SW Europe to Caspian Sea, Africa, Madagascar, N, C, S America, S & E Asia, Australia, New Zealand.


Mainly insectivore. Insects (horse-flies, flies, beetles, caterpillars, dragonflies, ticks, cicadas, crickets), also crustaceans, spiders, frogs, tadpoles, molluscs, fish, lizards, snakes, small birds, rodents. Occasionally vegetable matter, e.g. palm nut pulp.

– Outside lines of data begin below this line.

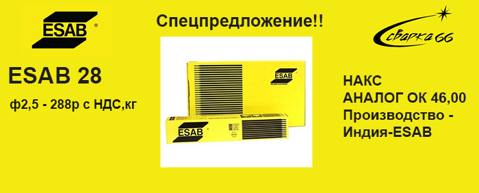 Принимаем заказы на сварочные электроды ESAB 28 производства ЭСАБ (Индия), аналог ОК 46. Доступны ...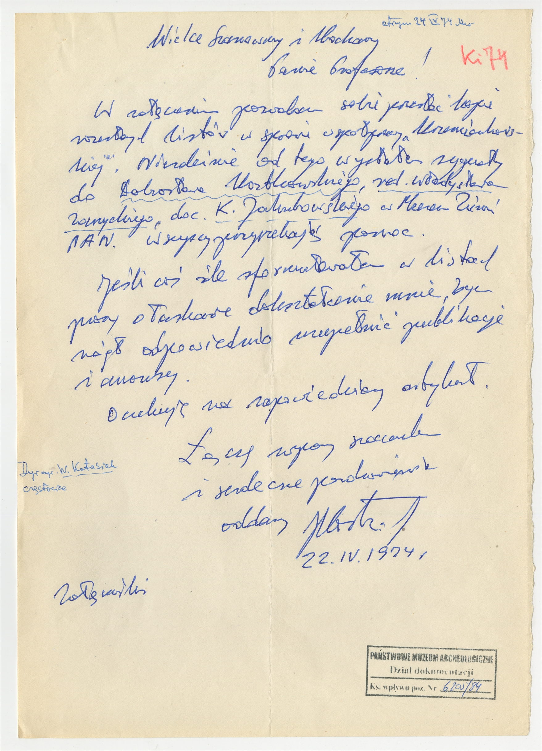 Rękopis - list W. Kotasiaka do Stefana Krukowskiego z dnia 22 IV 1974 roku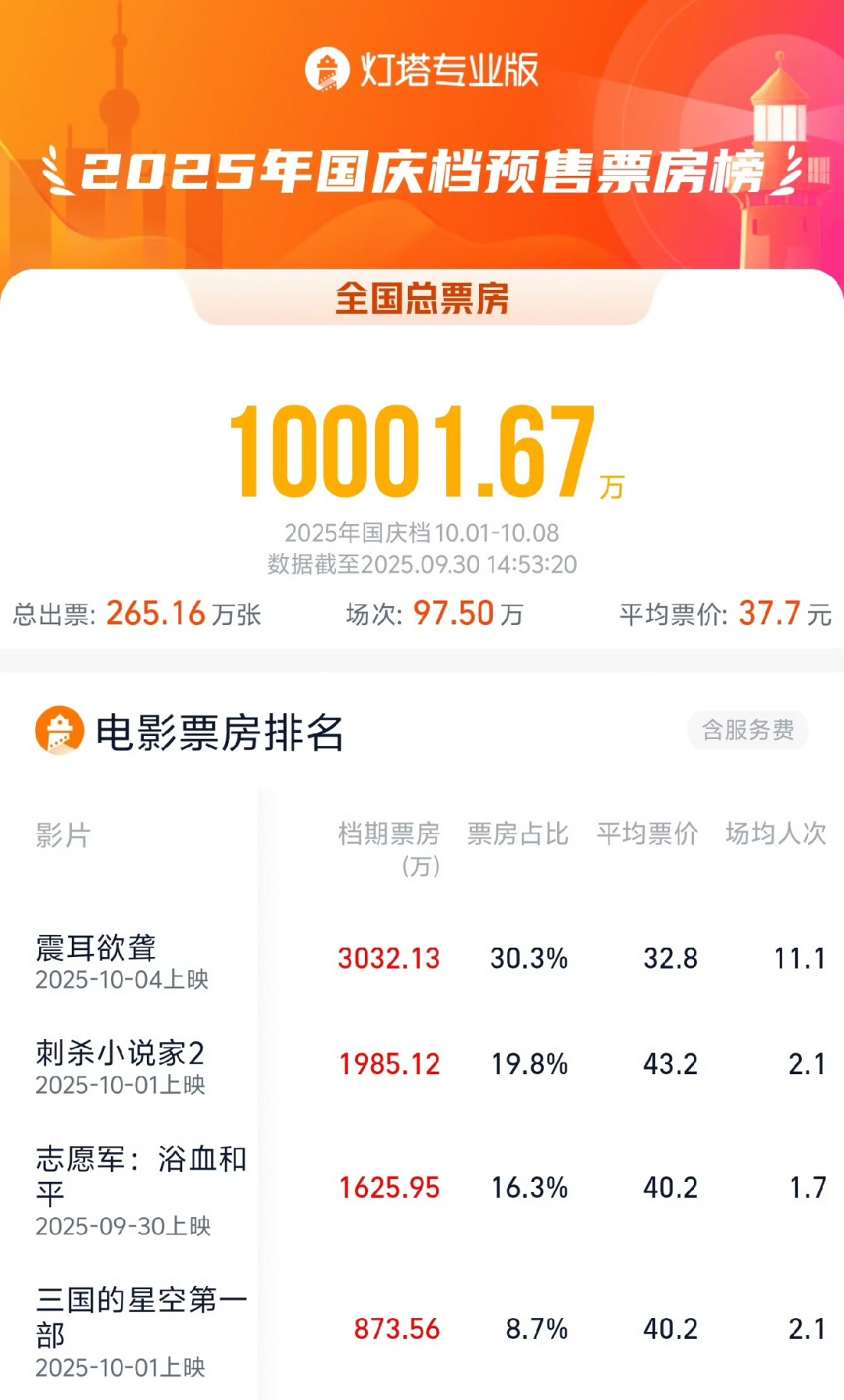 具体来看,预售期表现最强的影片是檀健次主演的反诈题材电影《震耳欲聋》,开启预售不到24小时即突破1000万,截至9月30日14:53,预售票房达3032万,稳居国庆档新片预售榜首位。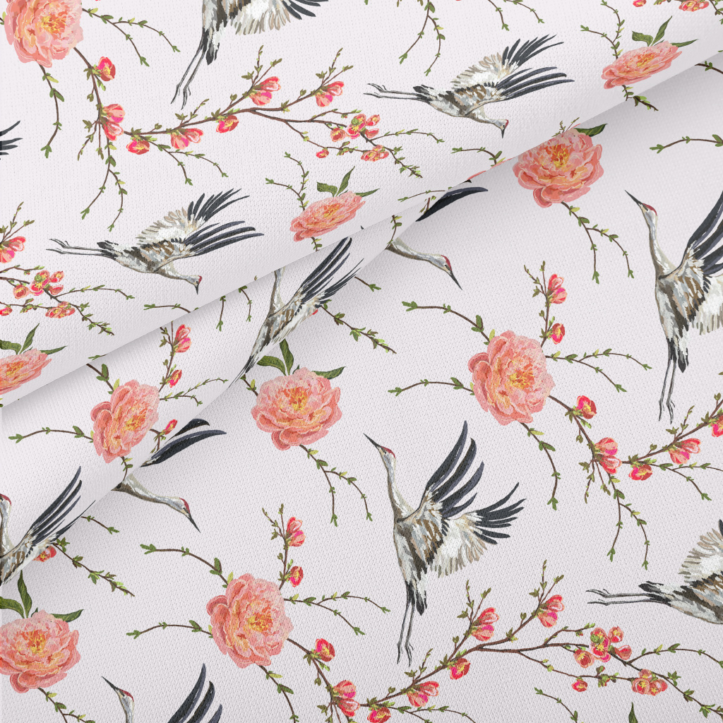 花卉與飛行的丹頂鶴羅馬布(幅寬160公分)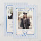 Elegant Blue Stripes Bow Frame with Two Photo Graduation Party Invitation.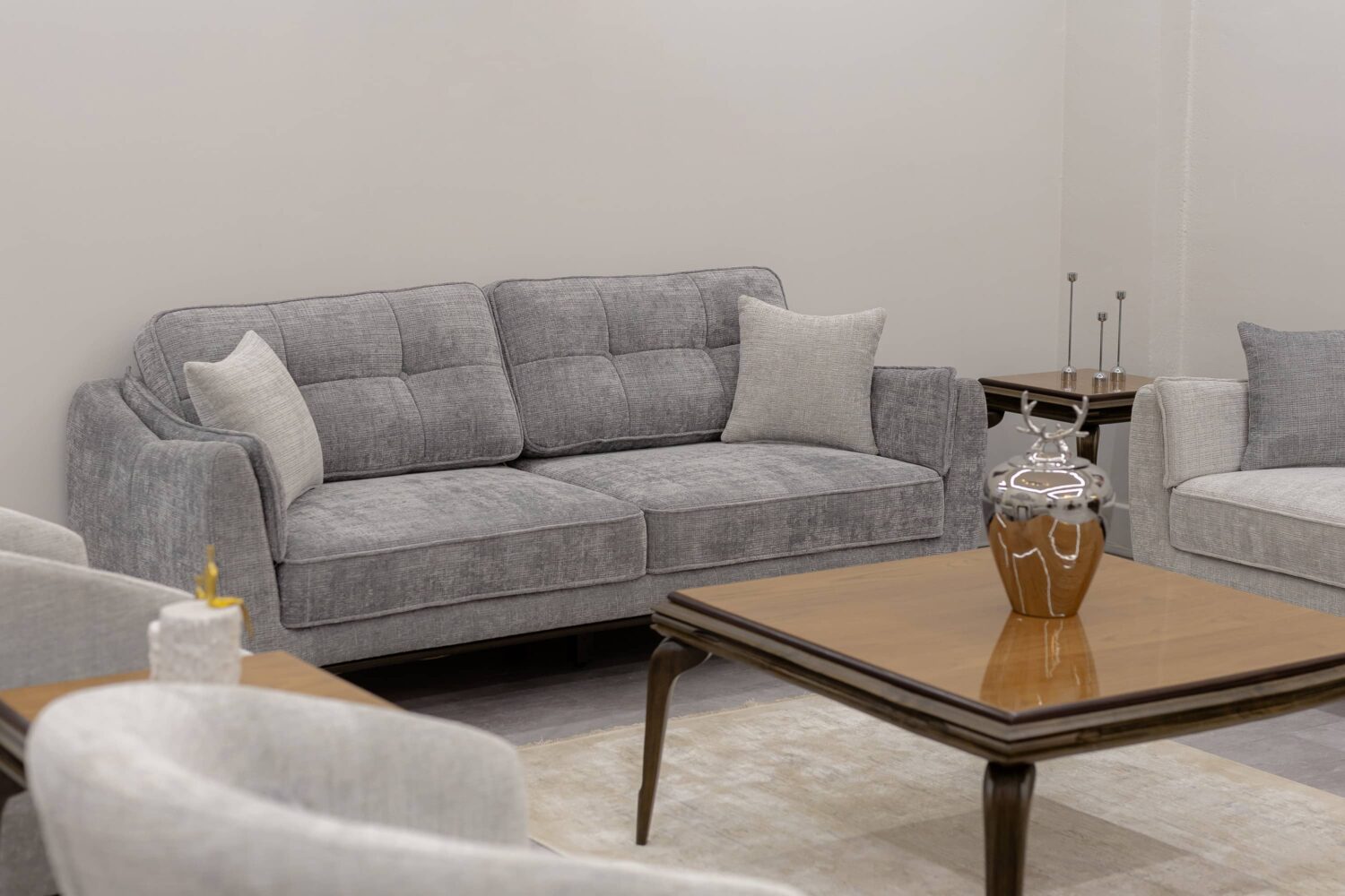 رنگ اصلی این مدل، طوسی خنثی و شیک است؛ رنگی که به‌راحتی با بیشتر سبک‌های دکوراسیون مدرن گرفته تا کلاسیک ساده هماهنگ می‌شود. پایه‌های چوبی طبیعی یا پوشش‌هایی مانند قهوه‌ای تیره، سفید پتینه و زیتونی ملایم، ترکیبی متعادل و چشم‌پسند ایجاد می‌کنند. برای کسانی که به دنبال کمی تنوع و کنتراست هستند، افزودن کوسن‌ها یا صندلی‌هایی با رنگ‌های زرد خردلی، سبز زیتونی یا کرم روشن می‌تواند جلوه‌ای تازه و گرم به فضا ببخشد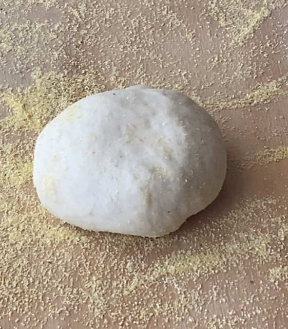 Deixe a massa crescer, após uma hora divida-a em quatro partes. Polvilhe a superfície com farinha de milho.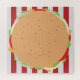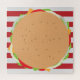 Features a cheeseburger with all the trimmings on a red and white striped background.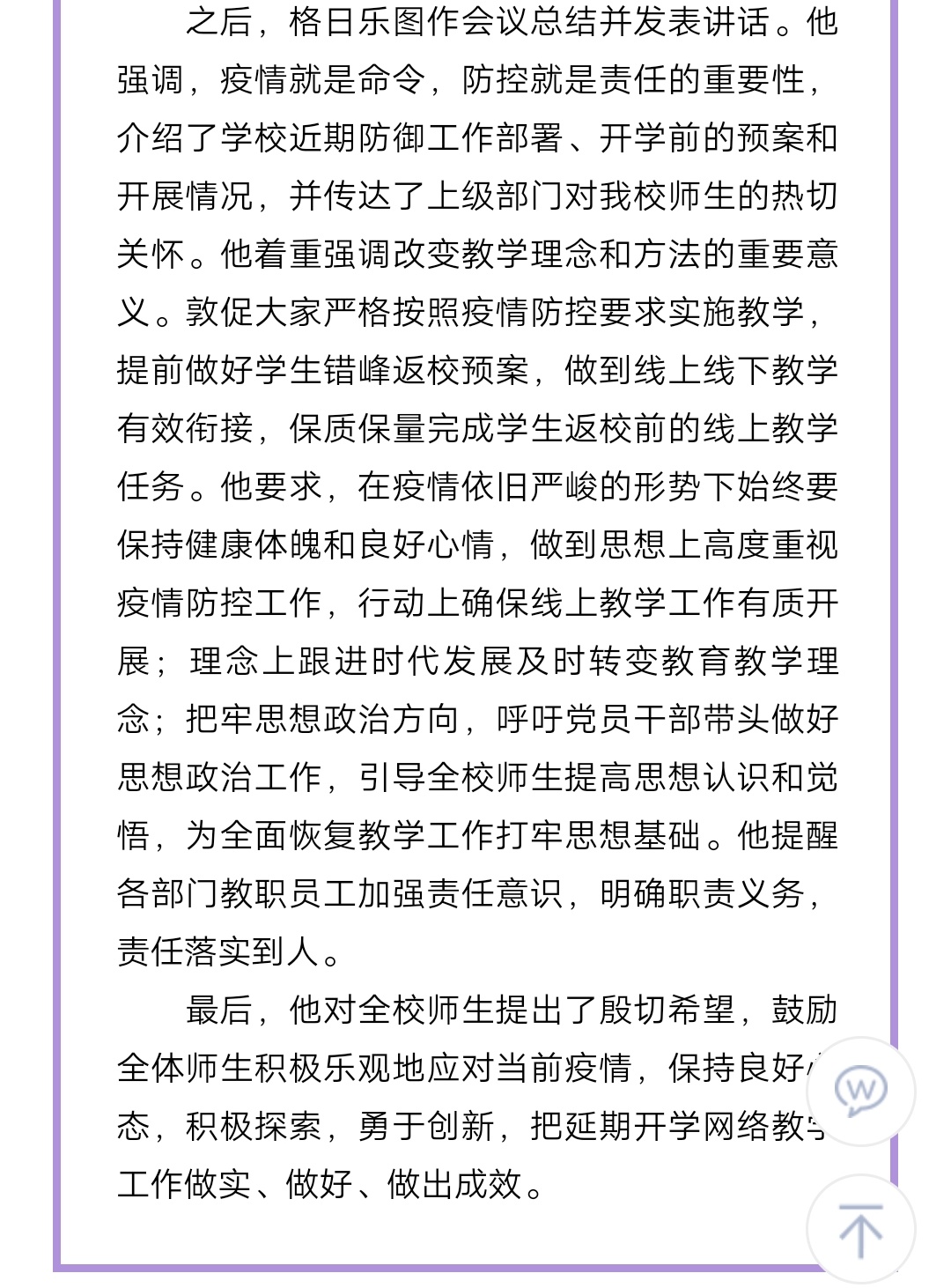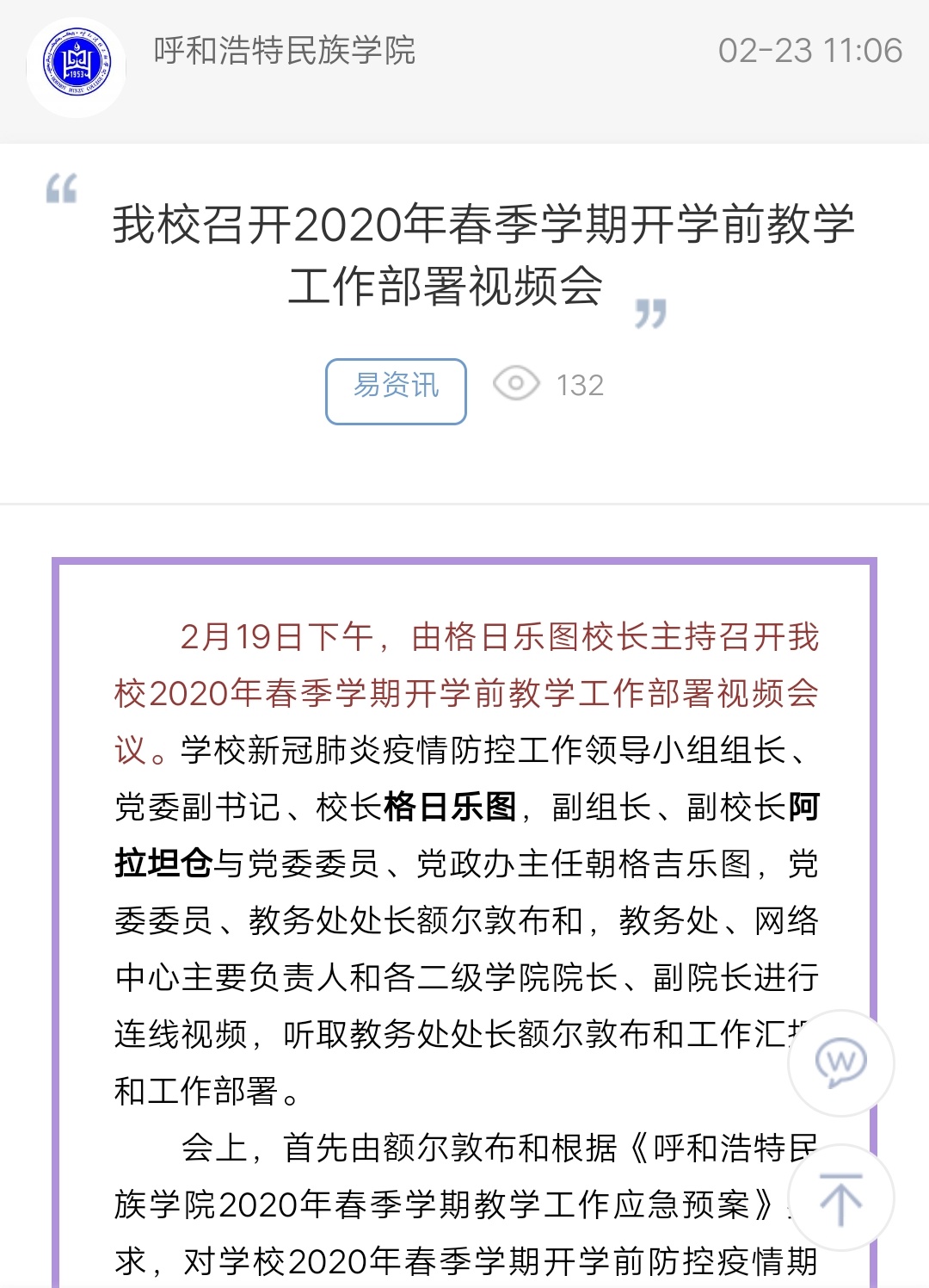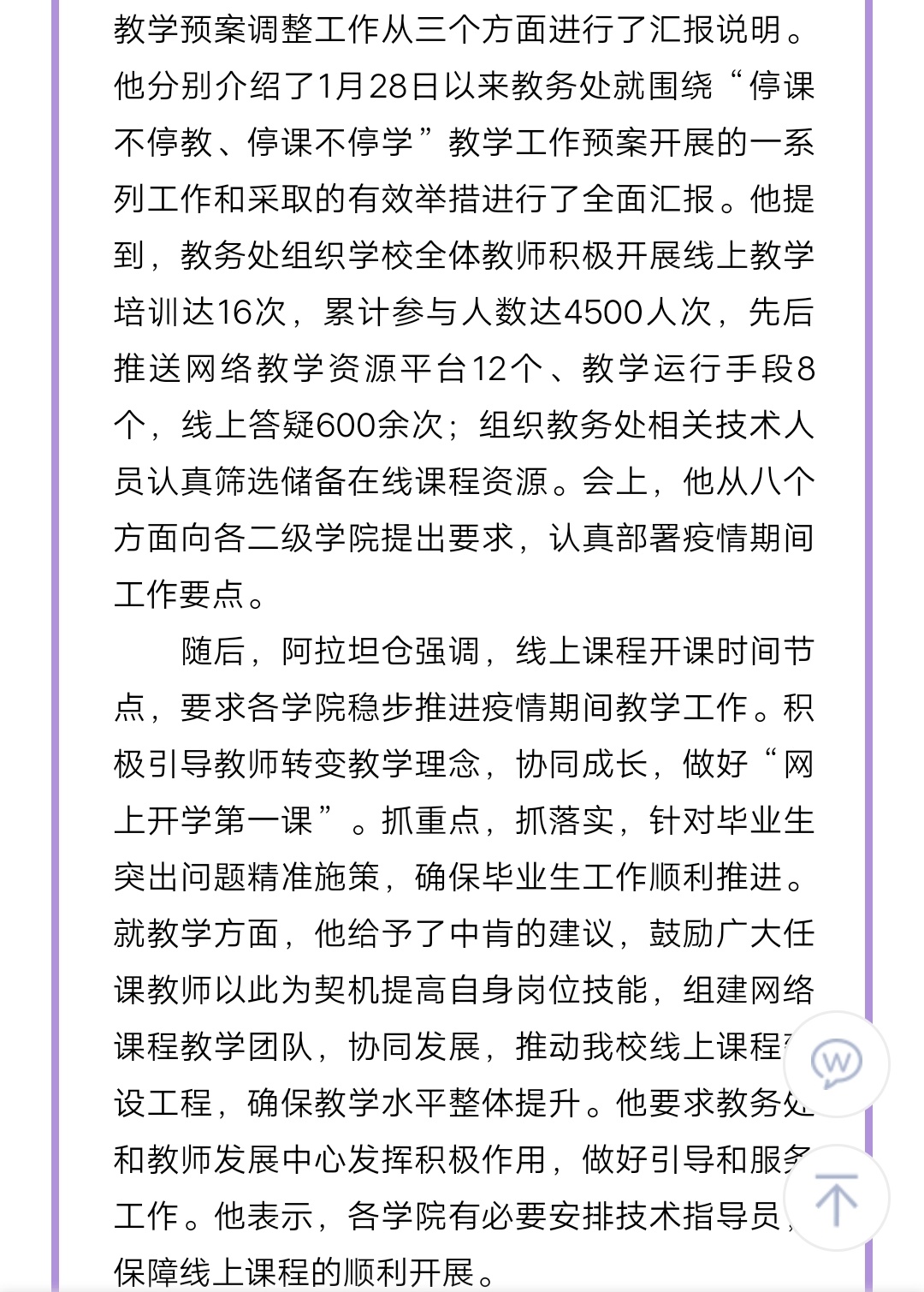 米乐官网召开2020年春季学期开学前教学工作部署视频会

Habitat:  Pastures, freshwater habitats such as marshes and flood plains.
Incubation: 21-26 days / 2-5 eggs
Social structure: colonies of a few dozens to several thousand pairs or up to 10.000 pairs in Africa.
Weight: 510gr max
Dimensions: 46-56cm  wingspan: 88-96cm
Lifespan: 7-8

Estimated population in the wild: 4,000,000-9,850,000

Threats: Wetland degradation and destruction, pesticide poisoning, persecuting as public nuisance in urban areas, hunting and trading in traditional medicine markets (in Nigeria).
IUCN Status: Least Concern
Did you know that:

  1. In Greece it is a very rare winter visitor.
  2. Their name comes from their habit to wander alongside herds of cattle.
  3. By riding on the back of grazing animals they eat ticks and flies or insects stirred up by the grazing activity, they conserve energy and they are protected from predators.
  4.  Some ranchers rely more on cattle egrets than pesticides to control flies around their herds.
  5. The first research on this species was conducted by Aristotle (384-322 b.c.)